Single Blog

Back to work: joy or pain?

Taking a break from work has always been a problem for me. This year, however, I have focused on one very important thing.

I practice Linguistic Empathy and I expect you to do the same. Please bear with me if my English is not perfect. Read the Italian version here.

28th of August is the day I have chosen to go back to work. I will start with two coaching sessions, and will continue with an intercultural training for an English couple moving to Italy. The following week, the Expatclic webinars and online meetings also resume.

I feel truly regenerated. This year I really disconnected. It couldn’t have been otherwise. Beyond the boundless desire to enjoy my sons, home and friends, I really felt a rejection towards the computer. I only approached it sporadically and only to do necessary operations, such as paying bills or sending important emails.

My friends congratulated me. My reading was reinvigorated. I have discovered a lot of beautiful places in Tuscany. I did yoga every single morning, and I spent quality time with all the guests who passed through here.

I was so well that at the prospect of going back to work I did not feel, as I often did in the past, that excitement and expectation in the face of something you love, and which you have  been missing.

Indeed, perhaps for the first time since I resumed a career, I felt that subtle sense of duty that, according to many, accompanies the end of the holidays and the moment of going back to work.

Yet I love my job. I never get tired of it. Connecting with other human beings and helping them fills me with immense joy. Communicating with diverse people, exchanging emotions and experiences, has always been something priceless for me. Managing a community, with all its ups and downs, is something that pays me back every day for all the hard work. Playing – the tool I’ve successfully introduced into my work lately – is one of the things I NEVER get tired of doing.

Wait.

I have never stopped doing all this during summer! I spent over two months in my lovely little house surrounded by my closest community – sons, husband, son-in-law, we’ve never spent longer periods under one roof. I welcomed dozens of friends, and with all of them there were wonderful exchanges of emotions and stories, a lot of sharing. I helped many friends – some who came to visit here at the Casina, others far away, with advice and information.

How about playing? I haven’t stopped for a minute. I played with my children and husband every day, sometimes even for hours in a row, as if there was no tomorrow. But I also played with the guests: Dixit, Lupus in Fabula, Tarot, Scattegories and loads of other games that I didn’t know about and  that were introduced by our friends.

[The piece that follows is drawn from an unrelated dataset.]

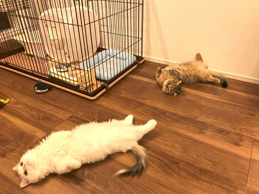2匹揃ってヘソ天をする猫ちゃんたちの、可愛い光景が話題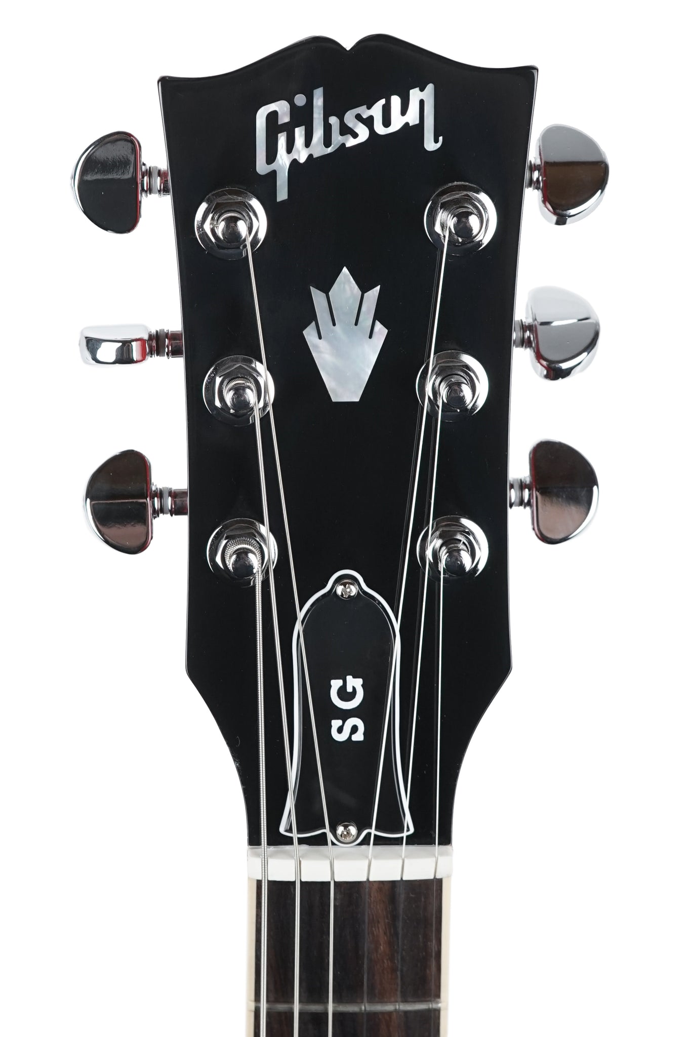 The Gibson SG Standard rocks the classic looks and features associated with the late-60s-style SG models so many players love. A solid mahogany body provides the backbone for singing sustain, while a rounded profile mahogany neck and bound rosewood fingerboard deliver a comfortable playing experience across all 22 frets. A long tenon 19th fret neck joint enhances resonance, making it ideal for everything from vintage blues to modern high-gain solos. In the electronics department, the 490R (neck) and 490T (bridge) Alnico 2 humbuckers produce a versatile range of tones. Their clear, balanced output can easily cover a wide range of genres—softening nicely for warm clean passages and roaring to life when pushing an amp into overdrive. Dedicated volume and tone controls, along with a 3-way toggle switch, offer quick access to any sound you need. Visually, a black 5-ply full-face pickguard sets this SG Standard apart from other models, and chrome-finished hardware adds a timeless touch. Grover Rotomatics tuners keep tuning precise, while the aluminum Tune-O-Matic™ bridge and Stop Bar tailpiece ensure reliable intonation. Rounded out by black Top Hat knobs with silver reflectors, this SG Standard captures the look and spirit of Gibson’s classic late-60s design. A soft shell case is also included, providing convenient protection whether you’re heading to rehearsal or hitting the road. If you’re in search of an iconic, no-nonsense rock machine with a heritage that spans decades, the Gibson SG Standard stands ready to deliver.

The moral, which has never appeared so clear to me, is this: I do a job that channels and honours my values, my passions, the things I love the most and that are important to me. These things I kept doing while shutting down the computer and taking a break from paid work. I kept doing them because they are the engine of my life.

And I am not surprised, therefore, that I have not missed my work. I felt very strongly that work is nothing more than a different expression of what fills my life with meaning, of what matters to me. Of what I am, always, anyway and every day.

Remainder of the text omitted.